▶ Exercise
Each line below from the "穴に入れればミニゲームはとっても簡単。落ちてきたNPCをタゲって案内するだけ。" line through the "Mainland coach Joe" line, those two included, must be restated word for word; the pictures must not be.

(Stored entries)
- - - - - - -

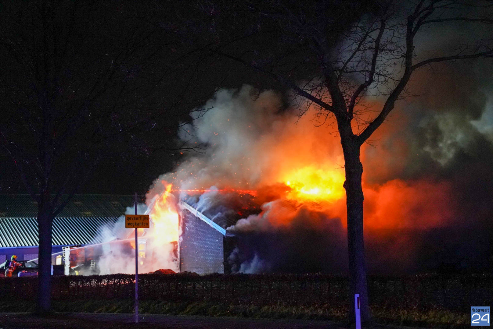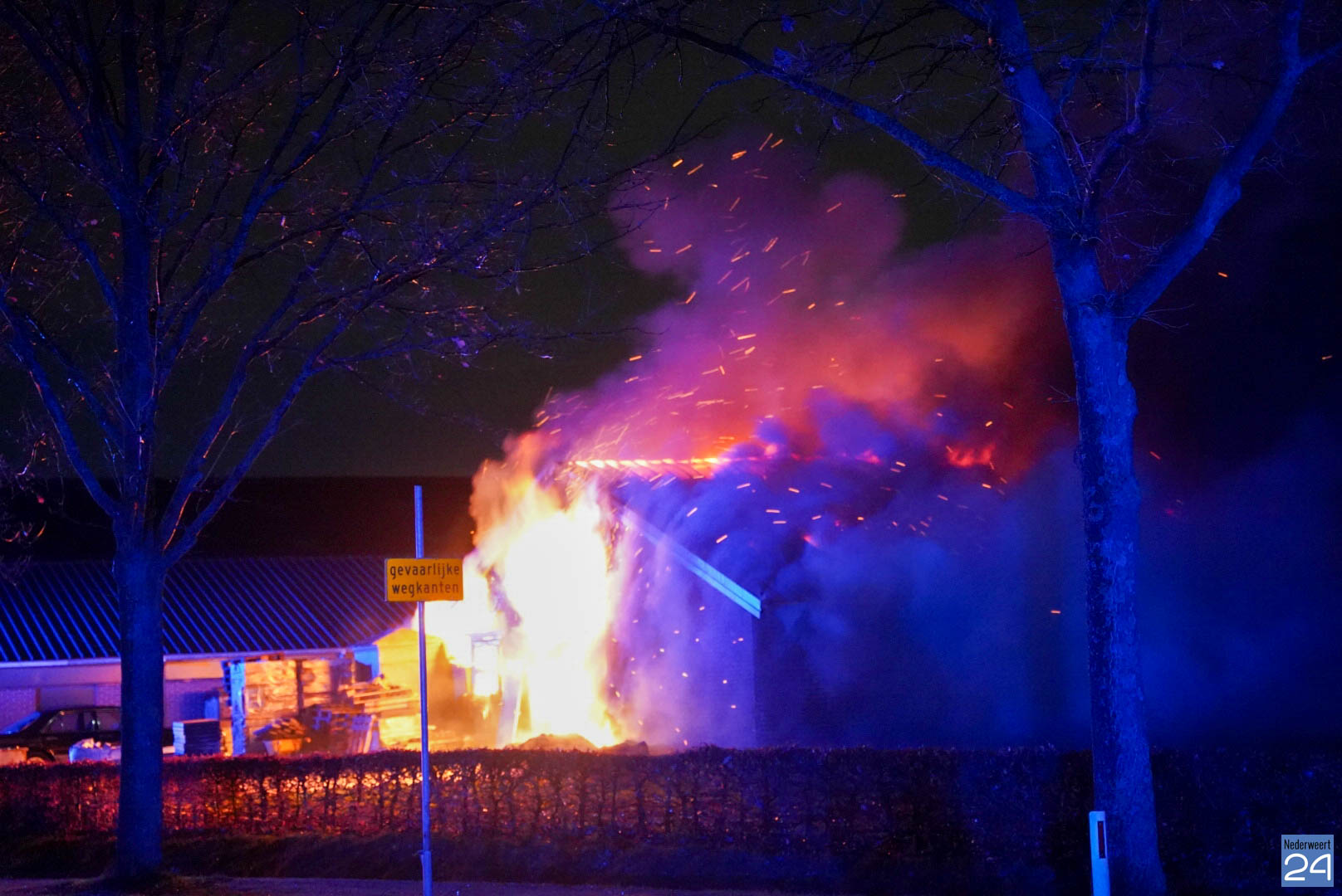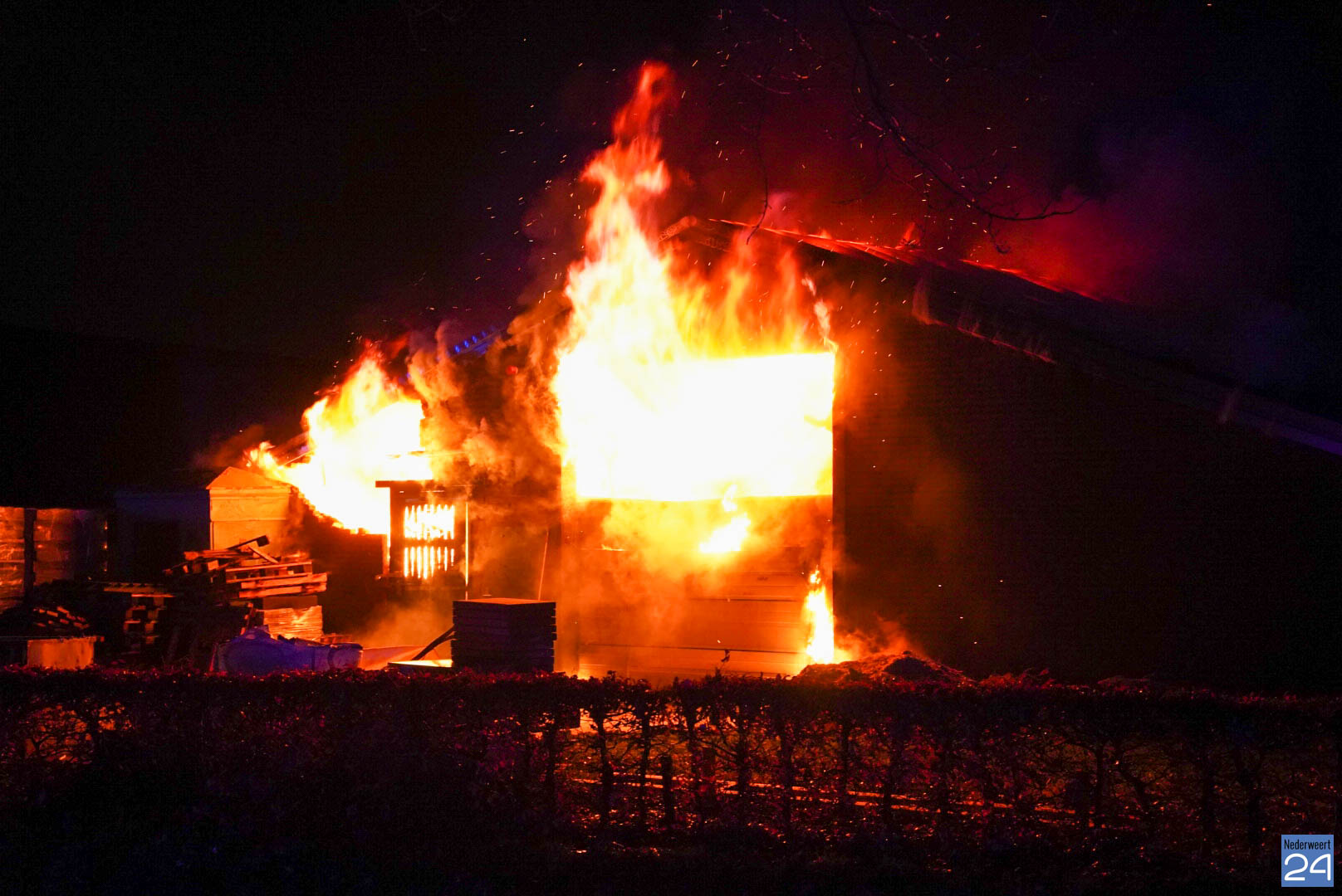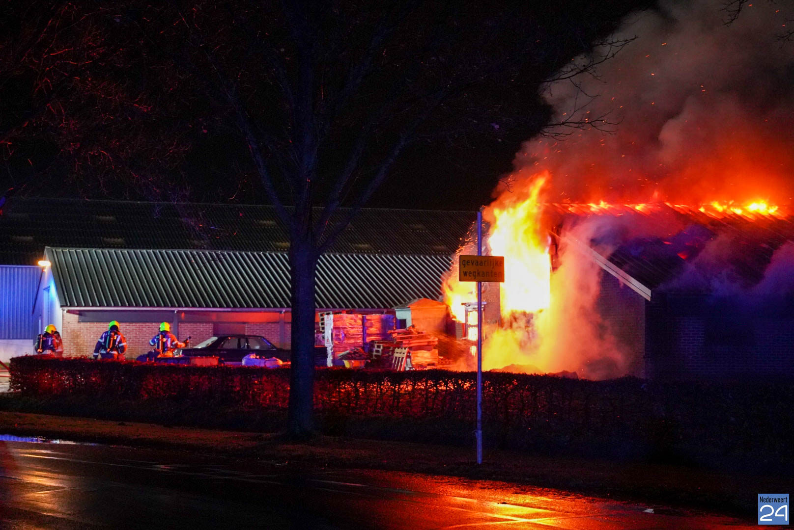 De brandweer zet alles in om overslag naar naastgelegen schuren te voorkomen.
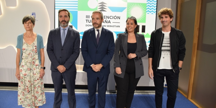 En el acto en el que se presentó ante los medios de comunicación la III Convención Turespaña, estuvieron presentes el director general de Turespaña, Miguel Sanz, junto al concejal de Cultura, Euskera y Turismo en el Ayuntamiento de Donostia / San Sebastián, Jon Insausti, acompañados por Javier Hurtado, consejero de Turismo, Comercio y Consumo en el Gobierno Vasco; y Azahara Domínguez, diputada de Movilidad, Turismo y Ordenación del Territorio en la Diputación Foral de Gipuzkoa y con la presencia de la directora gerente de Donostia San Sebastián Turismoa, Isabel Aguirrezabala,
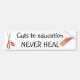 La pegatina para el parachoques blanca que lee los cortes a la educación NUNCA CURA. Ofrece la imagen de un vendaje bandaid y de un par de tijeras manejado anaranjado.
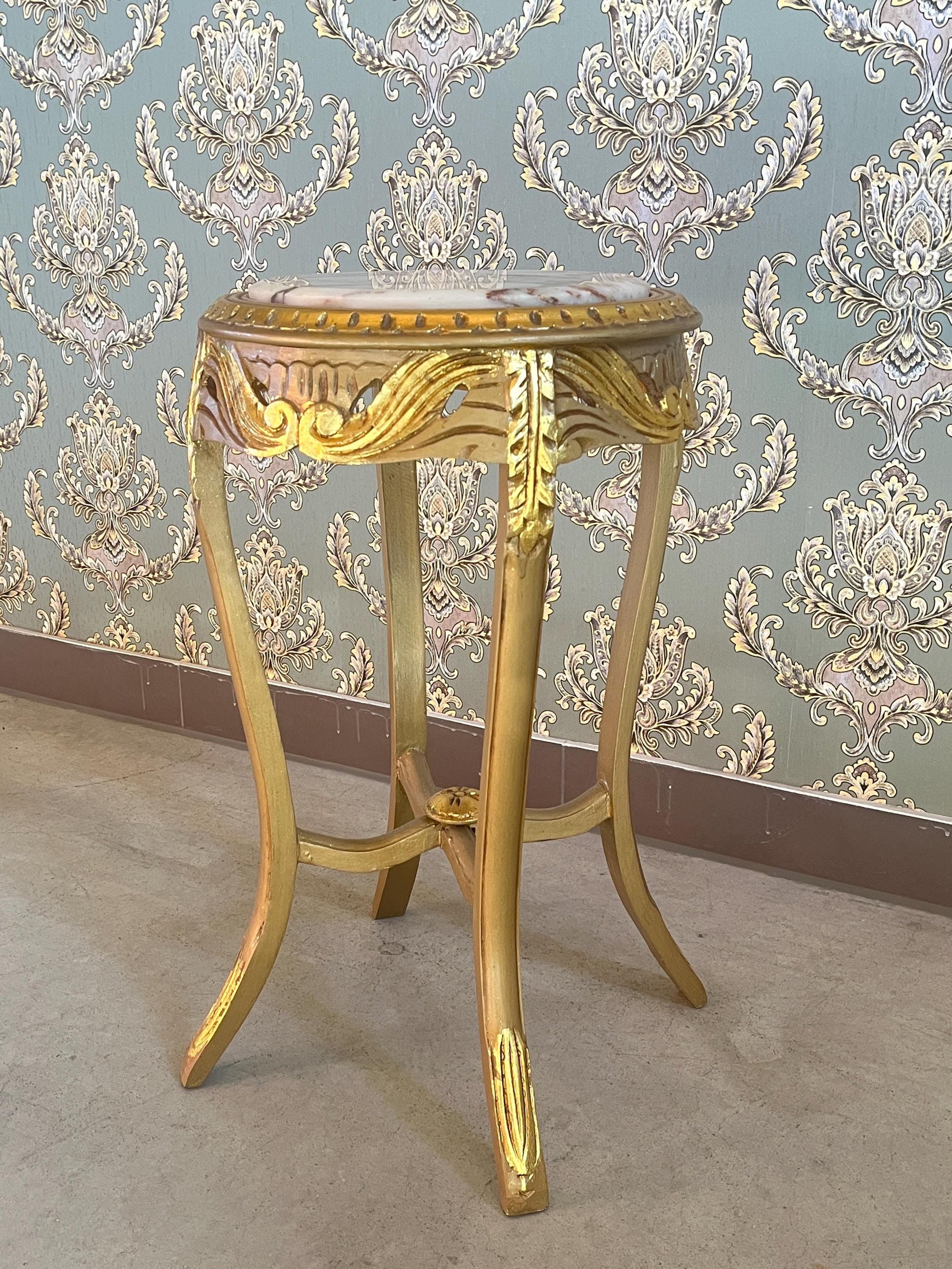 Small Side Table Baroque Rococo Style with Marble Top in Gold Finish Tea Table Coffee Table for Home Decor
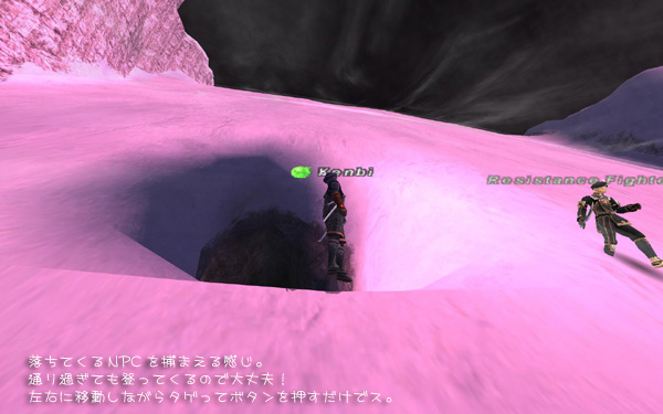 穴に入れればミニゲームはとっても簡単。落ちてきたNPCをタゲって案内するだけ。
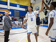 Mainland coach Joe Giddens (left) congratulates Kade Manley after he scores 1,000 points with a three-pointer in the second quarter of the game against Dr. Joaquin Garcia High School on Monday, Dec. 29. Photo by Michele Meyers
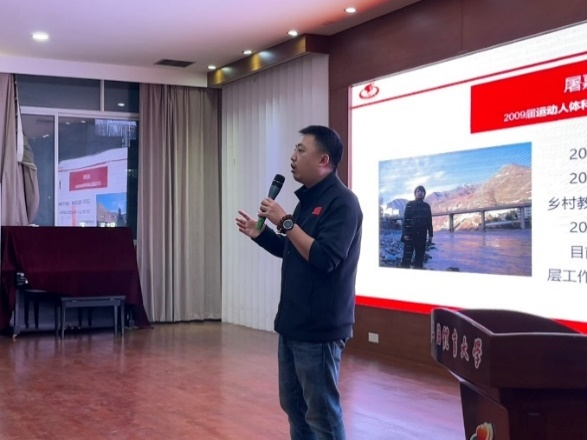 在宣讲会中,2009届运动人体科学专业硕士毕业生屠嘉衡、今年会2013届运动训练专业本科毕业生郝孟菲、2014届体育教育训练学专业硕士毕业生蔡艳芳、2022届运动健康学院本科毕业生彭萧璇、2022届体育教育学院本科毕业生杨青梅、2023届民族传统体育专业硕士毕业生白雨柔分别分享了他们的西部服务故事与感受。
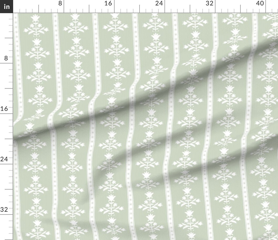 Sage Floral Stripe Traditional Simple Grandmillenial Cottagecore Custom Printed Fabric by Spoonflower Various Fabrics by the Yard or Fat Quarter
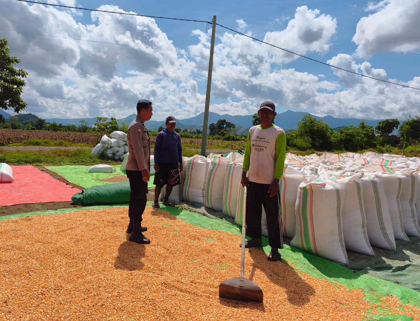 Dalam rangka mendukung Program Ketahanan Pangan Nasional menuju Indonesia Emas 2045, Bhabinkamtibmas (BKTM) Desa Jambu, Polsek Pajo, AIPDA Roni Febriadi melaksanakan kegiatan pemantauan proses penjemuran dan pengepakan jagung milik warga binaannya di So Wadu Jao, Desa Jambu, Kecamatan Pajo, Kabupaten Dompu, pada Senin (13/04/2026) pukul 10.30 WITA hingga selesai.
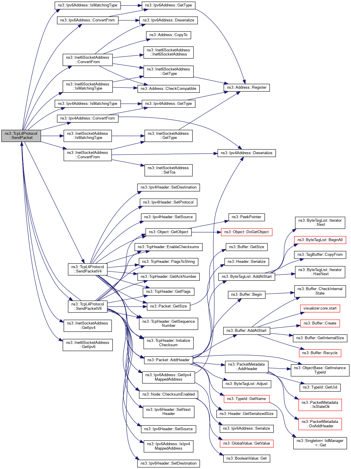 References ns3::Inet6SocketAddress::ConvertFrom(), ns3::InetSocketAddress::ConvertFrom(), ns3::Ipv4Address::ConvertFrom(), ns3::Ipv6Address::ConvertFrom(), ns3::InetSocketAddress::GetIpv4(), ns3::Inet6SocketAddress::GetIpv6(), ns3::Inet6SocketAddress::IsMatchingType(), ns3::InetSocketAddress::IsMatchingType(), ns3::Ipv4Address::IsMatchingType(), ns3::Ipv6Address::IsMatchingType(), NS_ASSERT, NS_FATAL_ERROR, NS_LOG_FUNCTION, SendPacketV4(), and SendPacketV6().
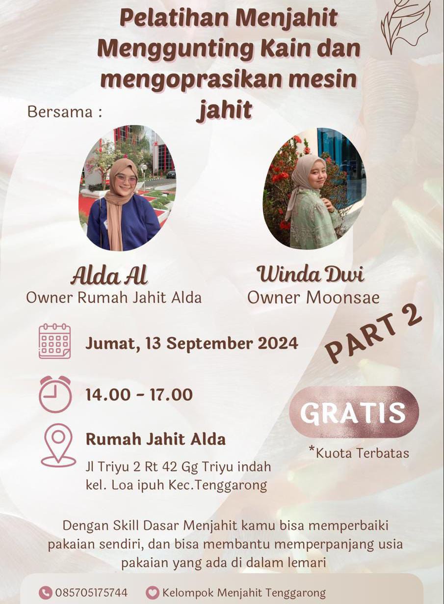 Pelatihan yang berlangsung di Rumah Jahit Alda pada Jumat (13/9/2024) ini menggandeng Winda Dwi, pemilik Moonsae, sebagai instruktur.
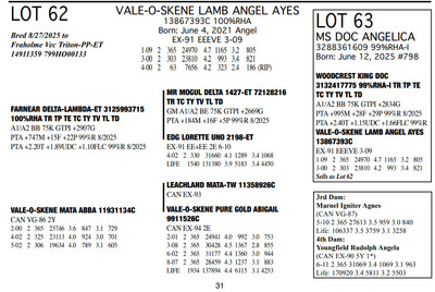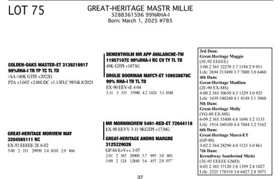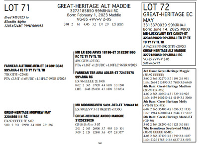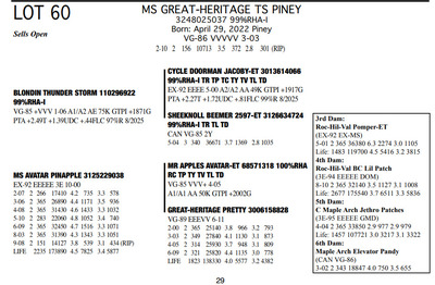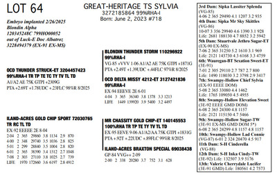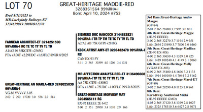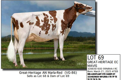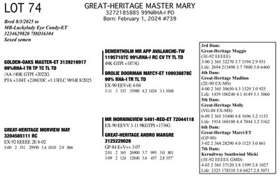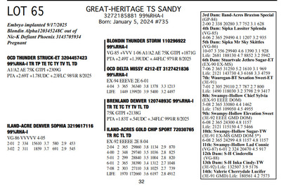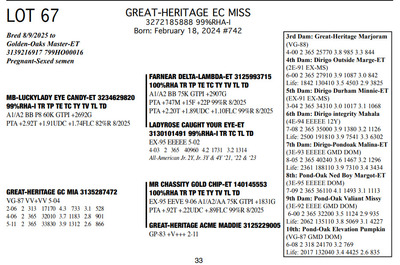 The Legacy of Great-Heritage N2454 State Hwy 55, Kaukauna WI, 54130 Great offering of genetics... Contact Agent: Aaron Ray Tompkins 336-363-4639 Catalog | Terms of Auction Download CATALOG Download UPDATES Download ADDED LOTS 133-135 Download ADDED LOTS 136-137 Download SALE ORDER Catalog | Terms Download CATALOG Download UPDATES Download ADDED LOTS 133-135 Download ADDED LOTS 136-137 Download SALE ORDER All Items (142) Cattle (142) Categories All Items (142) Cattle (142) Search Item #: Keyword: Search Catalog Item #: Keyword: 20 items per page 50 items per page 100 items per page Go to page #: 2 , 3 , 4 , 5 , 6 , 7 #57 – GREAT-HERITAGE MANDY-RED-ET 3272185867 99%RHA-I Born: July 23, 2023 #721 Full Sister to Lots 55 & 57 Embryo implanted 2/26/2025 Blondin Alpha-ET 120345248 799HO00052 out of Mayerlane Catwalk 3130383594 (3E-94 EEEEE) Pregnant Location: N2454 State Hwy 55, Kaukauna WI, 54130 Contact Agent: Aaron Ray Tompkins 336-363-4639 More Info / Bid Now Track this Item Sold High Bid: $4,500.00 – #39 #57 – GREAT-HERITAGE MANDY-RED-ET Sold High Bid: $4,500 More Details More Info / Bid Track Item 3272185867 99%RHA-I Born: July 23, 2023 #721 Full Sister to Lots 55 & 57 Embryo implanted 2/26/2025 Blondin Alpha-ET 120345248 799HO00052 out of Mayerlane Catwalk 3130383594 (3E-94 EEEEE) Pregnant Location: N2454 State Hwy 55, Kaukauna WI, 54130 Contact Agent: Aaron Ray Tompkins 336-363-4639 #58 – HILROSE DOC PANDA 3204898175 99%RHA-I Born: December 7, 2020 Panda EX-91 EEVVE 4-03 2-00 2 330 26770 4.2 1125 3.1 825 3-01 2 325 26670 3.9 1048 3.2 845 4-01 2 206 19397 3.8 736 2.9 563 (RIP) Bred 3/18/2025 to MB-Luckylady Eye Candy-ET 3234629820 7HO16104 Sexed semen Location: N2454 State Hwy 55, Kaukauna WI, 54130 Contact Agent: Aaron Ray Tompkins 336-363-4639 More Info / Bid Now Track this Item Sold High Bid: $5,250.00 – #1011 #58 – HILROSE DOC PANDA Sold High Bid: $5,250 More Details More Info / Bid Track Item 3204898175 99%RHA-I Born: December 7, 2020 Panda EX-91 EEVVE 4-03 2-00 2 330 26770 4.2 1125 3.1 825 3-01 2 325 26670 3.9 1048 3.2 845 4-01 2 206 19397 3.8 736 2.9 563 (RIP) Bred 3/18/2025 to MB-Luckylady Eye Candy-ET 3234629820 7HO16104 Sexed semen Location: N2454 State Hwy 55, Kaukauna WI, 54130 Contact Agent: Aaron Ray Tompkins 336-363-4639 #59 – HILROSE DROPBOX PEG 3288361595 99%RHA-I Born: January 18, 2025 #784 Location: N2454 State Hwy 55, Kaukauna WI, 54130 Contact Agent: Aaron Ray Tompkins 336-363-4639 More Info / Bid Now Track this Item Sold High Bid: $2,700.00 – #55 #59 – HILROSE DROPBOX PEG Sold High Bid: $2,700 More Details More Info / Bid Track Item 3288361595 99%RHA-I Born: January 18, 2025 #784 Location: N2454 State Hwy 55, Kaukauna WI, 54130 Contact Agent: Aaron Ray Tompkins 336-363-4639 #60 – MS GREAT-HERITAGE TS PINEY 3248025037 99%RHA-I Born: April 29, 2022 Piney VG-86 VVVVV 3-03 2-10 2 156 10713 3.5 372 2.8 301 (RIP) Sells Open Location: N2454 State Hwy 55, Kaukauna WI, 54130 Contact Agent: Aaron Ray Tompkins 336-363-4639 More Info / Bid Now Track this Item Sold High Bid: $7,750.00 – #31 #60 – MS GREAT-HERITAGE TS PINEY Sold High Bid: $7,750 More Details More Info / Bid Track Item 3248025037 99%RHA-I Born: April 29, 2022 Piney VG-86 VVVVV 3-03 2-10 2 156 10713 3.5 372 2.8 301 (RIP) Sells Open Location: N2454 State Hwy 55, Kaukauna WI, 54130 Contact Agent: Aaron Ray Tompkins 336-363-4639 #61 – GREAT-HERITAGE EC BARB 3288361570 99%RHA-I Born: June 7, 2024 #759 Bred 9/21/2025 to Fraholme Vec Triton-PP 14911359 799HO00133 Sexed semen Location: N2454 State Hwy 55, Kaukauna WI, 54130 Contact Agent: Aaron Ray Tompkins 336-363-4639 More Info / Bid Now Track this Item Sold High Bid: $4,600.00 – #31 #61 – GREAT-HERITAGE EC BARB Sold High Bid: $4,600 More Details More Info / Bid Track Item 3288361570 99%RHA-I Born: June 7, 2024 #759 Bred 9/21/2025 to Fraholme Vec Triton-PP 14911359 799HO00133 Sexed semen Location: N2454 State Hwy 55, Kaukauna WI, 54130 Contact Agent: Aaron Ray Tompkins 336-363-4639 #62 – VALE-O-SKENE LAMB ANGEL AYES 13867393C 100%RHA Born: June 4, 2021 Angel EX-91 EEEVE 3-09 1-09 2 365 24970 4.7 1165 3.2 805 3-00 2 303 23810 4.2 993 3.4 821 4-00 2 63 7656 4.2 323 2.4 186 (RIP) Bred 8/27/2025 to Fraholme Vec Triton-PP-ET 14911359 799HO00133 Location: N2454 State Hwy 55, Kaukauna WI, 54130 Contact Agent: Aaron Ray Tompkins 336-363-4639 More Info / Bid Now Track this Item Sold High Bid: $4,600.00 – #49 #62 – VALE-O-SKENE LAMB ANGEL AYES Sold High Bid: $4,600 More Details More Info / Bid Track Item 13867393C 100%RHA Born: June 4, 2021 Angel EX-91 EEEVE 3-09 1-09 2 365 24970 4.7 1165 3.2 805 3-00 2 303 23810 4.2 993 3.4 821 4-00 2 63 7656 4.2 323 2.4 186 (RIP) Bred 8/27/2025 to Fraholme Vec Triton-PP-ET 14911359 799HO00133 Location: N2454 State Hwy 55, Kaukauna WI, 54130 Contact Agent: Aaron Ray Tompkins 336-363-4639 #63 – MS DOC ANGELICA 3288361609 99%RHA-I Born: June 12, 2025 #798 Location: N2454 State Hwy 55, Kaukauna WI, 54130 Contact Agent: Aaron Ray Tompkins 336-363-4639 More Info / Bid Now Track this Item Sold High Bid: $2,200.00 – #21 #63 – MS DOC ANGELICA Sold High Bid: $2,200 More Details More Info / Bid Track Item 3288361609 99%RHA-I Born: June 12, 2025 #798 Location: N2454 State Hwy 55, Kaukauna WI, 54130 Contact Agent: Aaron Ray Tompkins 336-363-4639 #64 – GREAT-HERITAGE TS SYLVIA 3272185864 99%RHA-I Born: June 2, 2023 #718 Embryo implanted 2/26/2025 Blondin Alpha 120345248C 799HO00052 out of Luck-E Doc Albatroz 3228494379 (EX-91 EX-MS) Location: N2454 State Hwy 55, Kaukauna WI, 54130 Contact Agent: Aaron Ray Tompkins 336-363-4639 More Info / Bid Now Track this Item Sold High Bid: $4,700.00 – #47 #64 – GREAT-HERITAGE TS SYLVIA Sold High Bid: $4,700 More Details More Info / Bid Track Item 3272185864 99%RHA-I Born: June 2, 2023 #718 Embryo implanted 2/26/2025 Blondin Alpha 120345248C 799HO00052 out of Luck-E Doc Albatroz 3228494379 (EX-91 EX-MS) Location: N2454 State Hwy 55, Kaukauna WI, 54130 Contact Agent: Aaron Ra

- - - - - - -

▶ Result for this task
 穴に入れればミニゲームはとっても簡単。落ちてきたNPCをタゲって案内するだけ。
 Mainland coach Joe Giddens (left) congratulates Kade Manley after he scores 1,000 points with a three-pointer in the second quarter of the game against Dr. Joaquin Garcia High School on Monday, Dec. 29. Photo by Michele Meyers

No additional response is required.